We were instructed by the father of the Appellant who was a citizen of Trinidad and Tobago born in December 1993, hence a minor.
She made an application for Entry Clearance in order to come to the United Kingdom to join her father as his dependent with a view to settlement. The application was made by the father before he instructed us. The application was refused. The father then instructed us to lodge an appeal and to represent her at the appeal. The father was now a British citizen and has lived in the UK since 2007. The Entry Clearance Officer dismissed it stating that there was a lack of documentary evidence to show the level of earnings of the Sponsor father and or the step mother, and also did not accept that the father had sole responsibility for the child’s upbringing.
The Entry Clearance Officer stated that the father had left Trinidad and Tobago in 2007 and since that point the child has been living with her maternal grandmother. There was also a lack of evidence as to telephone or email contact between the father and the child. It was asserted that the father had not shown that he played an active role in the Appellant’s upbringing and had not demonstrated that he had exercised sole responsibility in relation to her upbringing.
At the hearing we represented the Sponsor father and his wife. The Home Office representative accepted that now that the Appellant had shown that there was adequate maintenance this part of the refusal would be reconsidered as this part of paragraph 297 had indeed been met.
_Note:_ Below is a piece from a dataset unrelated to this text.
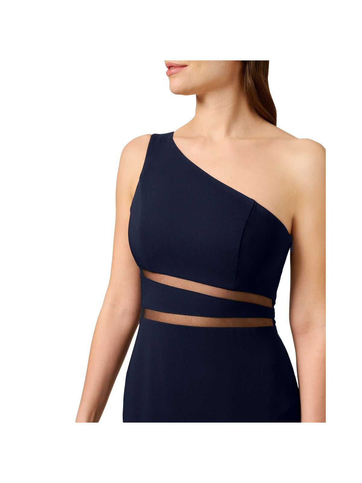 LIV FOSTER Womens Gown Full-Length Dress Navy Zippered Slitted Sleeveless Asymmetrical Neckline Evening Solid Mesh Inset Waist Lined 0
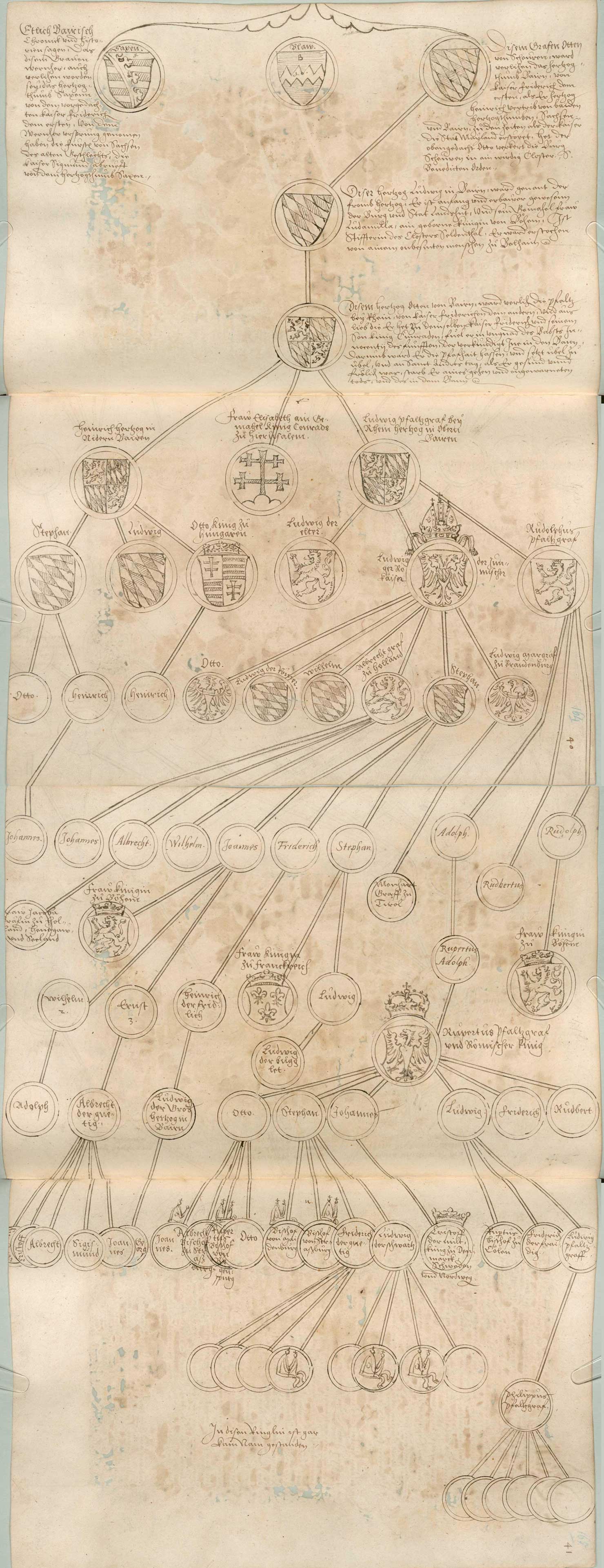 Stammtafel der Wittelsbacher aus der Bairischen Chronik des Hans Ebran von Wildenberg. Fotokollage mit korigierten Linien am unteren Rand von fol. 40r. Abb. aus: Hans Ebran von Wildenberg: Chronik von den Fürsten aus Bayern, um 1500. (Bayerische Staatsbibliothek Cgm 1557)

Through written statements, documentary evidence and evidence in person in Court, the father was able to demonstrate how he spent time with the child regularly and was responsible for her school fees and always kept an interest in her education. He also described how the child’s mother moved to the United States and the child maintained contact with her father. When the child was diagnosed with a serious illness in 2006 the father paid for all the medical bills and cared for her after she was discharged from hospital. We explained that he did not want to disrupt his daughter’s education when he moved to the UK especially as she was recovering from a major operation and he felt it was right for her to remain in Trinidad without any further disruptions. However, it was always the plan that she will join him in the UK.
In his oral evidence the father gave an explanation why the application for an entry clearance had been timed for 2010 rather than 2007 explaining the substantial health reasons and took account of the number of trips he took to Trinidad and the visits that the Appellant made to him in the UK. He emphasised that he met all of the Appellant’s educational expenses and her medical expenses and said that he was the person who was steering his daughter in life. It was explained that the grandmother who was looking after the child was now approaching her mid 70s and it was really very much better for the child to be with her father and his wife. The evidence of the step mother confirmed that the Appellant really viewed her as a second mother and referred to her as such and was empathic in saying how she and the father would give 100% to the Appellant. The barrister representing the Appellant drew attention to the guidance in the case of TD. His argument was that really the Appellant’s natural mother had made her choice. She had decided to go to the United States to make a new life with her husband there and although it was painful for her, she acknowledged readily and honestly that she was not going back to Trinidad to care for the Appellant. The parent that had really assumed control and authority in relation to the Appellant in the key areas of her life was now the Appellant’s father and that has been his position for some time. The immigration Judge was invited to find that the Appellant’s father had exercised sole responsibility in relation to her upbringing.
The Immigration Judge allowed the appeal under the Immigration Rules and the appeal was also allowed on human rights, Article 8.